Conn bemühte sich einzuschlafen, und das süße Gesicht des Mädchens in Weiß, das seine Traumwunde geheilt hatte, begleitete ihn in die dunklen Abgründe des Schlafs. Ob es dieses Mädchen wirklich gab? Markos hatte ihm erzählt, er sei als Telepath geboren worden, begabt mit den erblichen parapsychischen Kräften seiner Kaste. War es also möglich, daß das Mädchen tatsächlich irgendwo existierte, daß er es durch die Kraft seines ererbten laran gesehen hatte? Oder war sein laran von der präkognitiven Art, war es vorherbestimmt, daß das Mädchen irgendwann in sein Leben treten würde?
Mehr schlafend als wachend, sich des tobenden Schneesturms bewußt, überließ Conn sich Phantasien, in denen das schöne Mädchen bei ihm war. Sie hatten Zuflucht in einer halb in Trümmern liegenden Steinhütte gefunden, nicht unähnlich der Hütte an der Grenze von Hammerfell, wo er mit Markos gewohnt hatte, so weit er sich zurückerinnern konnte, nur sie beide und eine schweigsame alte Frau, die für sie gekocht und Conn versorgt hatte, als er noch zu klein gewesen war, um während Markos’ häufiger Abwesenheit allein gelassen zu werden. Jetzt wurde Conns Traum durch Hufschläge gestört. Reiter kamen auf der Straße näher. Conn erwachte und streckte die Hand nach Markos aus.
»Es ist Zeit«, flüsterte er. »Sie kommen.«
»Und da ist das Zeichen«, bestätigte Markos, als unmittelbar vor der Hütte ein Regenvogel dreimal rief. Er zündete ein Streichholz an. Auch die anderen Männer standen auf und fuhren in die Stiefel.
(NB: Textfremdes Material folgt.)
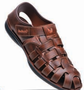
ART No. WG5713 MRP ₹ 489.00*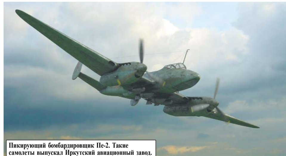
Пикирующий бомбардировщик Пе-2. Такие самолеты выпускал Иркутский авиационный завод.

Сюда же были перебазированы 3 обувных предприятия: обувная фабрика из Днепропетровска с 386 рабочими и 27 вагонами оборудования, хромовый завод из Серпухова, модельная мастерская с сырьем из Одессы. Последние два влились в Иркутские обувную и кожевенную фабрики, а Днепропетровская обувная фабрика была сохранена как самостоятельное производство. Ее разместили в недостроенном здании пожарного депо в Ленинском районе. Уже к середине октября 1941 г. фабрика была пущена в строй (оборудование прибыло 5-18 сентября 1941 г.), а к середине декабря она стала выпускать 85% своего плана.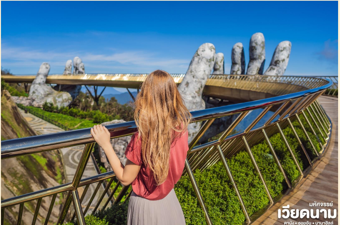
มหัศจรรย์ เวียดนาม คาบัง • ฮอยอัน • บานาฮิลล์

นำท่านชม สะพานสีทอง สถานที่ท่องเที่ยวใหม่ ล่าสุดตั้งโดดเด่นเป็นเอกลักษณ์อย่างสวยงาม บนเขาบานาฮิลล์ นำท่านสู่จุดที่สร้างความ ตื่นเต้นให้นักท่องเที่ยวมองดูอย่างอึ้งการที่ซึ่ง เต็มไปด้วยเสน่ห์แห่งตำนานและจินตนาการ ของการผจญภัยที่ สวนสนุก The Fantasy Park (รวมค่าเครื่องเล่นบนสวนสนุก ยกเว้น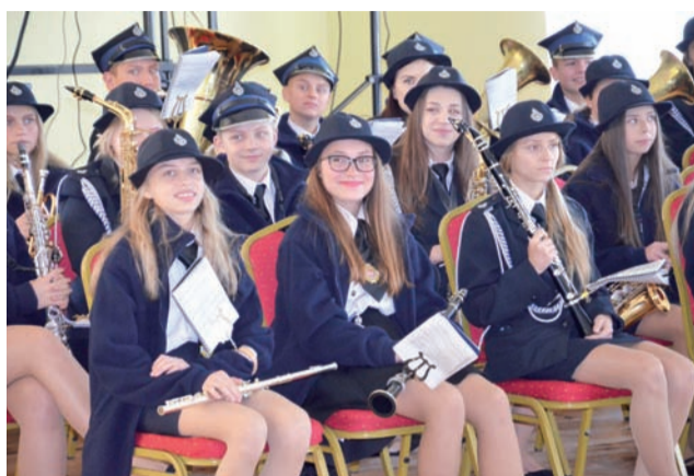
Orkiestrę w Wiciu tworzą osoby będące samoukami, które wszystkie umiejętności gry na instrumentach zdołały osiągnąć dzięki swojemu uporowi i ciężkiej pracy.

z gminy, których od tej pory w szeregach orkiestry sukcesywnie przybywa.

Markos ging an die Tür und zog sie auf. Die Angeln kreischten so laut, daß Conn zusammenzuckte.
»Ich könnte dieses Quietschen noch hören, wenn wir auf der anderen Seite des Walls um die Welt wären«, beschwerte er sich. »Öl sie, oder die Berge werden sie für eine Alarmglocke halten.«
»Aye, mein Lord«, stimmte Markos zu. Wenn sie allein oder mit Leuten zusammen waren, die Conns wahre Identität nicht kannten, hieß es meistens »mein Junge« oder »Master Conn«. Aber seit Conns fünfzehntem Geburtstag hatte Markos ihn in Anwesenheit solcher, die Bescheid wußten, stets respektvoll mit seinem Titel angeredet.
Ein halbes Dutzend Männer in Reitkleidung drängte sich in die Hütte, in der Conn, Markos und die anderen geschlafen hatten. Trotz des kleinen, dem Schutz vor dem Wetter dienenden Vorraums strömten der eisige Wind und die Graupeln mit ihnen ins Innere, und der letzte hatte Mühe, die Tür zu schließen.